The collected climate information provides a robust basis for integrating climate effects into a proactive landslide cadaster and for developing climate–geomechanical indicators, enabling a comprehensive assessment of the influence of climate on slope stability.
Table 6 presents the correspondence between the older emission scenarios (RCPs) used in the IPCC AR5 report (2014) and the more recent SSP scenarios introduced in AR6 (2021), along with the projected increase in precipitation for the study area (based on project reports assessing precipitation changes). These data are not available in the conventional cadaster and, in a proactive landslide cadaster, would be continuously updated as new climate data and scenarios become available.
Based on data in Table 6, estimated average precipitation [25] and predicted future precipitation for different RCP scenarios were calculated. Precipitation projections presented in Table 7 are based on climate data from the CROSSRISK project [25]. These data are also not available in conventional cadasters and normally need to be obtained separately; in a proactive landslide cadaster, they would be integrated and continuously updated as new measurements and projections become available.
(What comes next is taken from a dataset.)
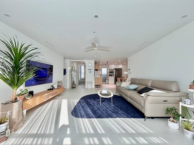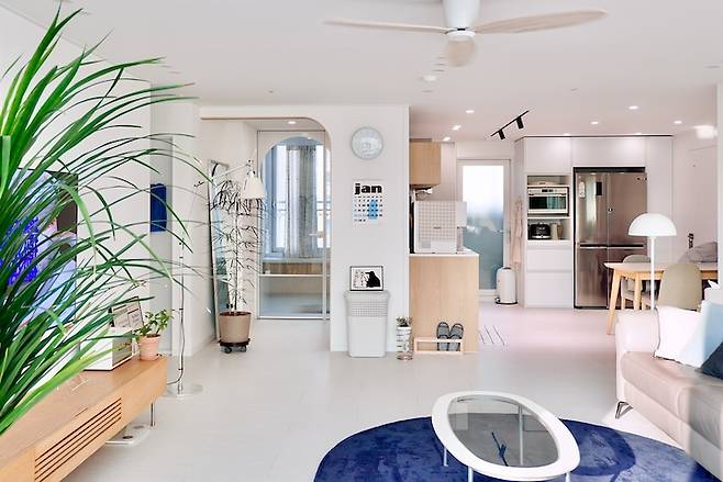 창문 쪽에서 거실을 바라본 모습이에요. 저는 식집사라 일조량과 통풍이 잘 되는 지가 정말 중요했는데 이 전집은 남향이긴 했지만 겨울에 통풍을 잘 못 시켜 주어서 식물들에게 미안했거든요! 이번엔 실링팬을 설치하게 되어서 통풍도 문제없고 찐 남향 집이라 일조량도 좋아서 식물들을 잘 키워낼 수 있을 것 같습니다.
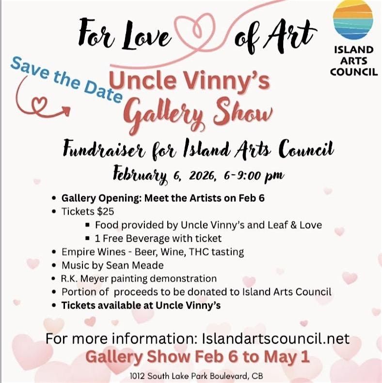 Feb 6, 6-9PM @ 1012 S Lake Park Blvd, CB. Art, music, & food fundraiser for Island Arts Council. $25 tickets @Uncle Vinny’s

2.6. Climate Effects on Slope Conditions

Observed climate data indicate that climatic factors influence slopes through several mechanisms: increased soil saturation, enhanced water infiltration, reduction in material strength due to higher moisture content, intensified seepage and physical weathering, and elevated groundwater and surface water levels, including variations in pore water pressure.
Conventional landslide cadasters are generally inadequate for directly capturing these climate-induced effects, as they often lack the temporal resolution and hydro-mechanical context required to represent transient processes triggered by extreme weather events. Therefore, the impacts of climate were assessed by analyzing the interactions between precipitation patterns, temperature fluctuations, snowmelt, and dynamic changes in soil moisture, groundwater levels, and pore pressure within the slopes.
Short-duration, intense rainfall events can rapidly increase soil saturation from approximately 70% to over 95% at depths of around 2 m within just a few days. Under these conditions, net infiltration is constrained by the soil’s hydraulic conductivity (k). Laboratory measurements on representative soil materials, such as sandy clay, indicate a decrease in shear strength with increasing moisture: cohesion may decrease by approximately 0.5 kPa, and the internal friction angle by about 2° per 1% increase in volumetric water content. Such rapid changes can trigger landslides on vulnerable slopes.
Long-term trends in precipitation and extended wet periods contribute to cumulative effects on slope stability, including gradual saturation of soil layers and progressive reduction in cohesion. Seasonal snowmelt and temperature variations further influence temporal changes in soil water content and hydraulic loading, particularly in the upper soil layers.
To quantify the combined effects of these climatic factors, changes in soil saturation, effective stress, and matric suction were calculated, providing essential inputs for dynamic slope stability assessments. This approach underscores the limitations of conventional landslide cadasters in evaluating climate impacts and highlights the importance of integrating field observations with laboratory-determined soil properties for characteristic materials (e.g., sandy clay). Such integration facilitates the development of robust climate–geomechanical indicators (see Section 2.7) and supports proactive, evidence-based landslide risk management.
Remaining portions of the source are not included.